- [TASK PROMPT]: Your task is to transcribe each record exactly and to omit every image.

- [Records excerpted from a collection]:
___
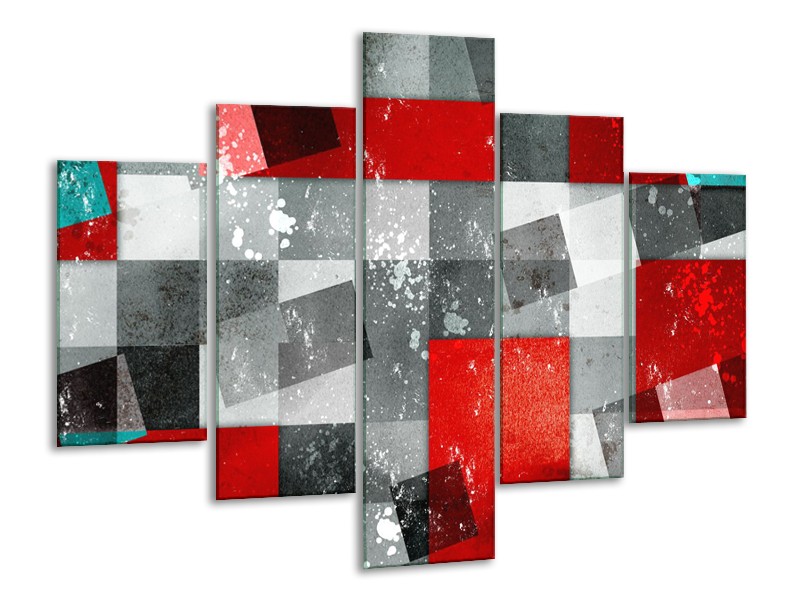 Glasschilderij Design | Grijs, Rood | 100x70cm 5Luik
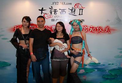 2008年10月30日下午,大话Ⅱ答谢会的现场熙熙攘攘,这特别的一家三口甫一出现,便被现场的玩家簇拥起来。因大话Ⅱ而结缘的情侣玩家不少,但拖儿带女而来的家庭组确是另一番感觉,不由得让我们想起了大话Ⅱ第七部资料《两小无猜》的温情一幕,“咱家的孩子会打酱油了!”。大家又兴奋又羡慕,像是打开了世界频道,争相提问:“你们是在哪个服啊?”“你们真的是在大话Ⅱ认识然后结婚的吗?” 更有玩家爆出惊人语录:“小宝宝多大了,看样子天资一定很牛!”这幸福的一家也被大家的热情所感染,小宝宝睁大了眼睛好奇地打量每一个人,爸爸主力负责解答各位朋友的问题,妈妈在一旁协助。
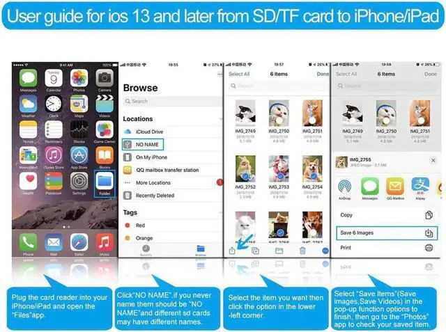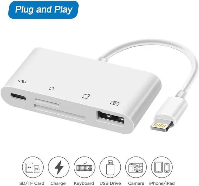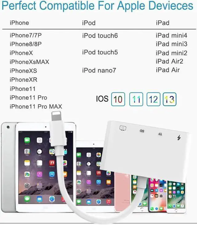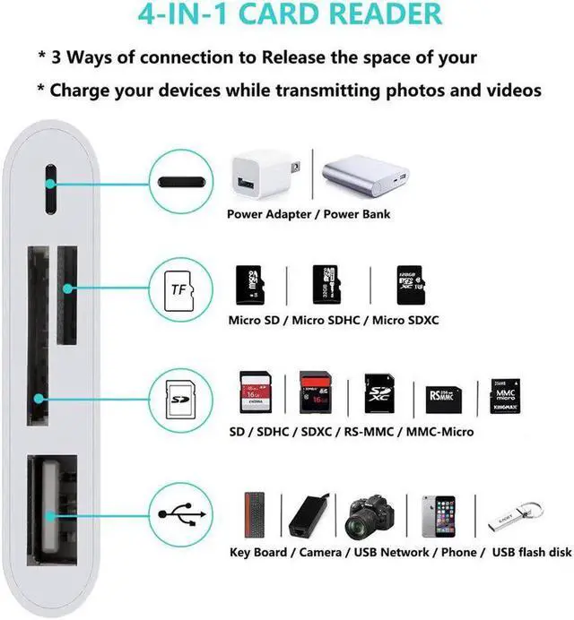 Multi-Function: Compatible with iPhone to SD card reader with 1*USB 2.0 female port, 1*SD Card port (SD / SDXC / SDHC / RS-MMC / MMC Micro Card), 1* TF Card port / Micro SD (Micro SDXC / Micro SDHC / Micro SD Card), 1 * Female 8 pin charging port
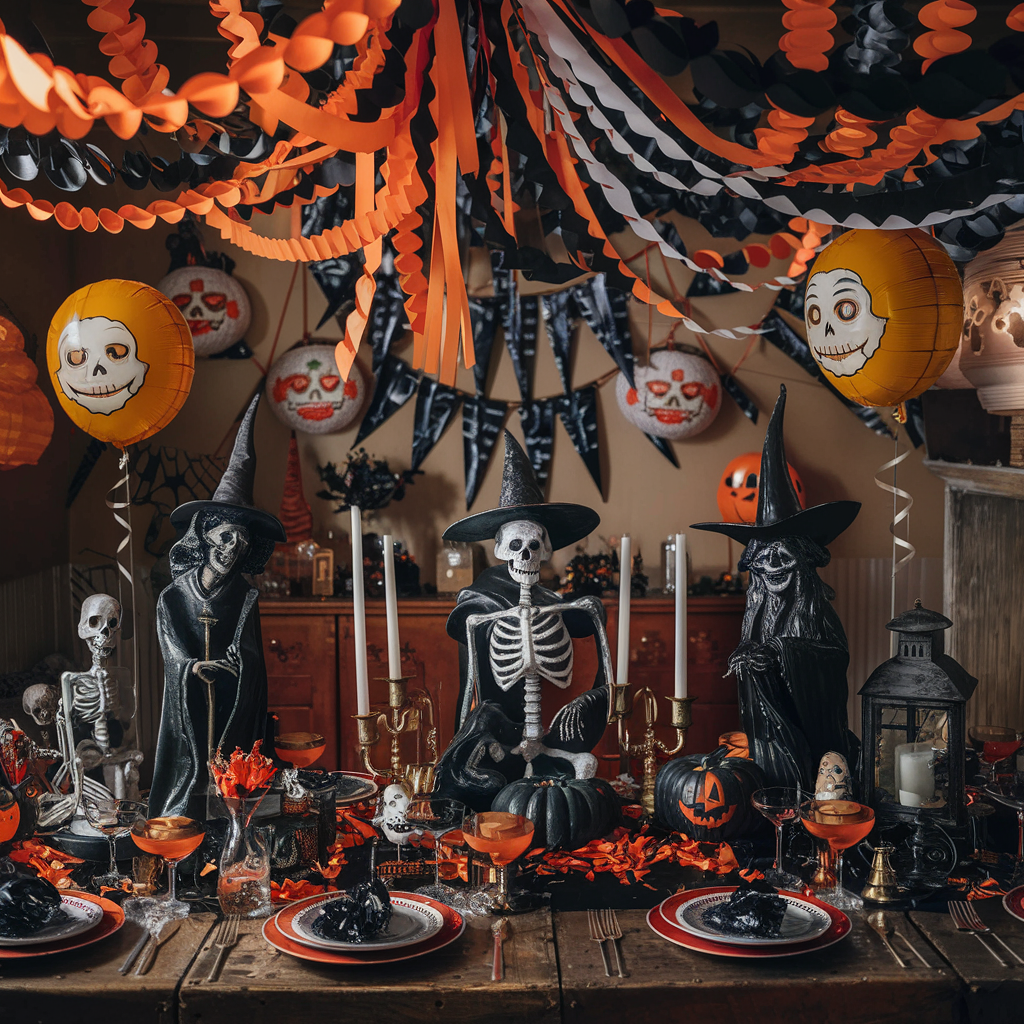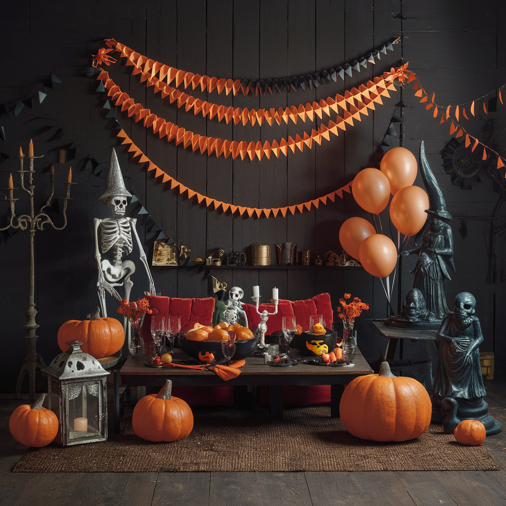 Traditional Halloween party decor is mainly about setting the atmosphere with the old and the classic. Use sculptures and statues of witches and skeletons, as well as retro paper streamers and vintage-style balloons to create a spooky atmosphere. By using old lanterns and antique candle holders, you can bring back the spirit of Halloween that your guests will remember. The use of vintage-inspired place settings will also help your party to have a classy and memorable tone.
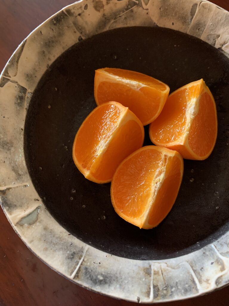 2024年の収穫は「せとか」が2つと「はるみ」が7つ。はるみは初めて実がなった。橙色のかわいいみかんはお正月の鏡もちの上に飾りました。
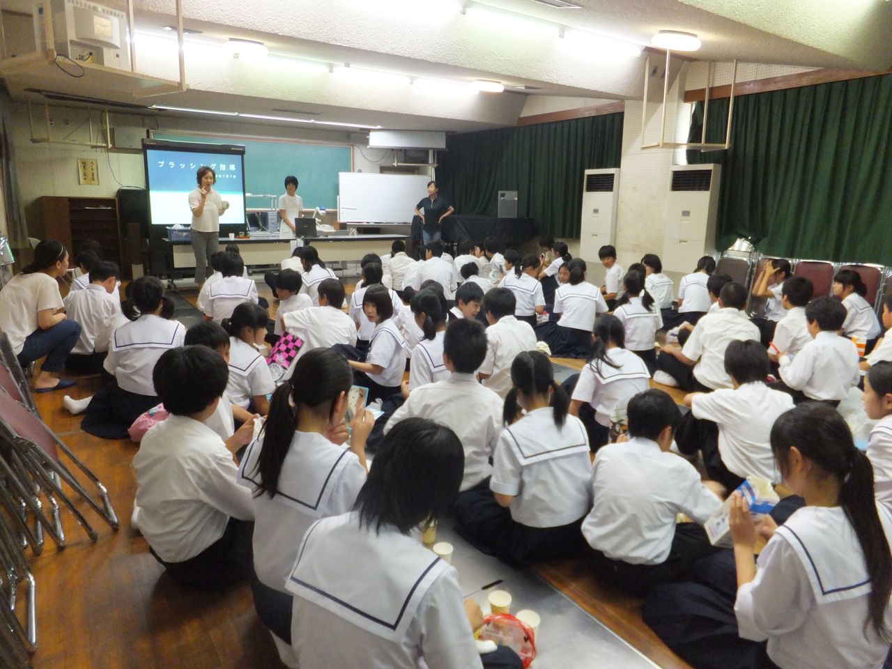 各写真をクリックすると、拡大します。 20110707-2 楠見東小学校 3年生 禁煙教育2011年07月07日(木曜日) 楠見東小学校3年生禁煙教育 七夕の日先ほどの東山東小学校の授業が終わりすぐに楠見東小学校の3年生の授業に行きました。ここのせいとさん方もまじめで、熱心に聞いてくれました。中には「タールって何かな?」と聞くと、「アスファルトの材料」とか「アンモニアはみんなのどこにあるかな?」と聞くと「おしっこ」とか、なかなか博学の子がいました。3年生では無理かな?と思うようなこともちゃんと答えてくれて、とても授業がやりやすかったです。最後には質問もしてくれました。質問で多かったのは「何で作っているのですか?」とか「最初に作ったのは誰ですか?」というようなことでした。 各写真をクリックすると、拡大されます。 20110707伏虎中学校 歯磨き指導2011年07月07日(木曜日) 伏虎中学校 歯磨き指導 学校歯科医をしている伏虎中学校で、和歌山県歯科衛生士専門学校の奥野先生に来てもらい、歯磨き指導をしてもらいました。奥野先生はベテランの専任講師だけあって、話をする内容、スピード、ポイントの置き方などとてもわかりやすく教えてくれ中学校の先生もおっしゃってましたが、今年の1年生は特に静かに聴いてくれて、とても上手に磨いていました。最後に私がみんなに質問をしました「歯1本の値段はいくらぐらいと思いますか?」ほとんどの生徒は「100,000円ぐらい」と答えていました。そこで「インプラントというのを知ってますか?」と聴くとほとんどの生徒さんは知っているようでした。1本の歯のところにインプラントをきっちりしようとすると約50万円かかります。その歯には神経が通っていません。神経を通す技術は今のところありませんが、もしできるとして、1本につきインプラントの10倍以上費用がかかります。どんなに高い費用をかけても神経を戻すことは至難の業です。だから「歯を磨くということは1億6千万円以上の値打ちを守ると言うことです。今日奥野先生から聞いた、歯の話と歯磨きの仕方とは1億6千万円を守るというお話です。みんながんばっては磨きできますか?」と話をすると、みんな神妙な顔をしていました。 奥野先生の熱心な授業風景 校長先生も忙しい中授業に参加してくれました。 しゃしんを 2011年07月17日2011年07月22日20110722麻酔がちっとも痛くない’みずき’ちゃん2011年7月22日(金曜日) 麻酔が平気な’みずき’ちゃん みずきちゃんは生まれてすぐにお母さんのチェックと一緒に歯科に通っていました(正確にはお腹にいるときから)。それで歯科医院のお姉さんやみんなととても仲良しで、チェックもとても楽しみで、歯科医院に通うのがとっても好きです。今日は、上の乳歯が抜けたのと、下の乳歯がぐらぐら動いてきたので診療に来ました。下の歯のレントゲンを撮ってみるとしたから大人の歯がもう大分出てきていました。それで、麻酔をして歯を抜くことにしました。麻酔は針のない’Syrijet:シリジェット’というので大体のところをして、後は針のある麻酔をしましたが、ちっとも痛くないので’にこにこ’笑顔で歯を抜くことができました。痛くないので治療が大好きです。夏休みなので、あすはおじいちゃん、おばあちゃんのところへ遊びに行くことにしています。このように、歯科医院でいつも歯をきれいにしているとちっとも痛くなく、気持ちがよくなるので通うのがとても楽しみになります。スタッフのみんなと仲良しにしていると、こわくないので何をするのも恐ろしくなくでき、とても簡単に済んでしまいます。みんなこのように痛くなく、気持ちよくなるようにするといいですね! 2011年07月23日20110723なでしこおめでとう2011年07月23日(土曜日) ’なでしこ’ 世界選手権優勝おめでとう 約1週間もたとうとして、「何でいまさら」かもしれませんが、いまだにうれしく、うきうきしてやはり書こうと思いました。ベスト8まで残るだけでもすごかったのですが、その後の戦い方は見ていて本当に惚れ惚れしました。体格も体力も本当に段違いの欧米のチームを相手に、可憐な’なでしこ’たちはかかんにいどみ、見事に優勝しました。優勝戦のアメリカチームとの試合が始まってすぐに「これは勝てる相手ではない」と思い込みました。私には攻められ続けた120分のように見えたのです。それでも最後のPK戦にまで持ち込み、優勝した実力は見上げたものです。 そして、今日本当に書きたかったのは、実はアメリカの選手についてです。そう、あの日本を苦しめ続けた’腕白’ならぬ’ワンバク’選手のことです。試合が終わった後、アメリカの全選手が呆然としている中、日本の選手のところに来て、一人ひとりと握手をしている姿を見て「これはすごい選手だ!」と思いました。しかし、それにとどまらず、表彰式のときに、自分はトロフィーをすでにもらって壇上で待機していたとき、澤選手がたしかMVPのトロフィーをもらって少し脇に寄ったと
___
- [EXERCISE RESULT]:
 Glasschilderij Design | Grijs, Rood | 100x70cm 5Luik
 2008年10月30日下午,大话Ⅱ答谢会的现场熙熙攘攘,这特别的一家三口甫一出现,便被现场的玩家簇拥起来。因大话Ⅱ而结缘的情侣玩家不少,但拖儿带女而来的家庭组确是另一番感觉,不由得让我们想起了大话Ⅱ第七部资料《两小无猜》的温情一幕,“咱家的孩子会打酱油了!”。大家又兴奋又羡慕,像是打开了世界频道,争相提问:“你们是在哪个服啊?”“你们真的是在大话Ⅱ认识然后结婚的吗?” 更有玩家爆出惊人语录:“小宝宝多大了,看样子天资一定很牛!”这幸福的一家也被大家的热情所感染,小宝宝睁大了眼睛好奇地打量每一个人,爸爸主力负责解答各位朋友的问题,妈妈在一旁协助。
 Multi-Function: Compatible with iPhone to SD card reader with 1*USB 2.0 female port, 1*SD Card port (SD / SDXC / SDHC / RS-MMC / MMC Micro Card), 1* TF Card port / Micro SD (Micro SDXC / Micro SDHC / Micro SD Card), 1 * Female 8 pin charging port
 Traditional Halloween party decor is mainly about setting the atmosphere with the old and the classic. Use sculptures and statues of witches and skeletons, as well as retro paper streamers and vintage-style balloons to create a spooky atmosphere. By using old lanterns and antique candle holders, you can bring back the spirit of Halloween that your guests will remember. The use of vintage-inspired place settings will also help your party to have a classy and memorable tone.
 2024年の収穫は「せとか」が2つと「はるみ」が7つ。はるみは初めて実がなった。橙色のかわいいみかんはお正月の鏡もちの上に飾りました。
 各写真をクリックすると、拡大します。 20110707-2 楠見東小学校 3年生 禁煙教育2011年07月07日(木曜日) 楠見東小学校3年生禁煙教育 七夕の日先ほどの東山東小学校の授業が終わりすぐに楠見東小学校の3年生の授業に行きました。ここのせいとさん方もまじめで、熱心に聞いてくれました。中には「タールって何かな?」と聞くと、「アスファルトの材料」とか「アンモニアはみんなのどこにあるかな?」と聞くと「おしっこ」とか、なかなか博学の子がいました。3年生では無理かな?と思うようなこともちゃんと答えてくれて、とても授業がやりやすかったです。最後には質問もしてくれました。質問で多かったのは「何で作っているのですか?」とか「最初に作ったのは誰ですか?」というようなことでした。 各写真をクリックすると、拡大されます。 20110707伏虎中学校 歯磨き指導2011年07月07日(木曜日) 伏虎中学校 歯磨き指導 学校歯科医をしている伏虎中学校で、和歌山県歯科衛生士専門学校の奥野先生に来てもらい、歯磨き指導をしてもらいました。奥野先生はベテランの専任講師だけあって、話をする内容、スピード、ポイントの置き方などとてもわかりやすく教えてくれ中学校の先生もおっしゃってましたが、今年の1年生は特に静かに聴いてくれて、とても上手に磨いていました。最後に私がみんなに質問をしました「歯1本の値段はいくらぐらいと思いますか?」ほとんどの生徒は「100,000円ぐらい」と答えていました。そこで「インプラントというのを知ってますか?」と聴くとほとんどの生徒さんは知っているようでした。1本の歯のところにインプラントをきっちりしようとすると約50万円かかります。その歯には神経が通っていません。神経を通す技術は今のところありませんが、もしできるとして、1本につきインプラントの10倍以上費用がかかります。どんなに高い費用をかけても神経を戻すことは至難の業です。だから「歯を磨くということは1億6千万円以上の値打ちを守ると言うことです。今日奥野先生から聞いた、歯の話と歯磨きの仕方とは1億6千万円を守るというお話です。みんながんばっては磨きできますか?」と話をすると、みんな神妙な顔をしていました。 奥野先生の熱心な授業風景 校長先生も忙しい中授業に参加してくれました。 しゃしんを 2011年07月17日2011年07月22日20110722麻酔がちっとも痛くない’みずき’ちゃん2011年7月22日(金曜日) 麻酔が平気な’みずき’ちゃん みずきちゃんは生まれてすぐにお母さんのチェックと一緒に歯科に通っていました(正確にはお腹にいるときから)。それで歯科医院のお姉さんやみんなととても仲良しで、チェックもとても楽しみで、歯科医院に通うのがとっても好きです。今日は、上の乳歯が抜けたのと、下の乳歯がぐらぐら動いてきたので診療に来ました。下の歯のレントゲンを撮ってみるとしたから大人の歯がもう大分出てきていました。それで、麻酔をして歯を抜くことにしました。麻酔は針のない’Syrijet:シリジェット’というので大体のところをして、後は針のある麻酔をしましたが、ちっとも痛くないので’にこにこ’笑顔で歯を抜くことができました。痛くないので治療が大好きです。夏休みなので、あすはおじいちゃん、おばあちゃんのところへ遊びに行くことにしています。このように、歯科医院でいつも歯をきれいにしているとちっとも痛くなく、気持ちがよくなるので通うのがとても楽しみになります。スタッフのみんなと仲良しにしていると、こわくないので何をするのも恐ろしくなくでき、とても簡単に済んでしまいます。みんなこのように痛くなく、気持ちよくなるようにするといいですね! 2011年07月23日20110723なでしこおめでとう2011年07月23日(土曜日) ’なでしこ’ 世界選手権優勝おめでとう 約1週間もたとうとして、「何でいまさら」かもしれませんが、いまだにうれしく、うきうきしてやはり書こうと思いました。ベスト8まで残るだけでもすごかったのですが、その後の戦い方は見ていて本当に惚れ惚れしました。体格も体力も本当に段違いの欧米のチームを相手に、可憐な’なでしこ’たちはかかんにいどみ、見事に優勝しました。優勝戦のアメリカチームとの試合が始まってすぐに「これは勝てる相手ではない」と思い込みました。私には攻められ続けた120分のように見えたのです。それでも最後のPK戦にまで持ち込み、優勝した実力は見上げたものです。 そして、今日本当に書きたかったのは、実はアメリカの選手についてです。そう、あの日本を苦しめ続けた’腕白’ならぬ’ワンバク’選手のことです。試合が終わった後、アメリカの全選手が呆然としている中、日本の選手のところに来て、一人ひとりと握手をしている姿を見て「これはすごい選手だ!」と思いました。しかし、それにとどまらず、表彰式のときに、自分はトロフィーをすでにもらって壇上で待機していたとき、澤選手がたしかMVPのトロフィーをもらって少し脇に寄ったと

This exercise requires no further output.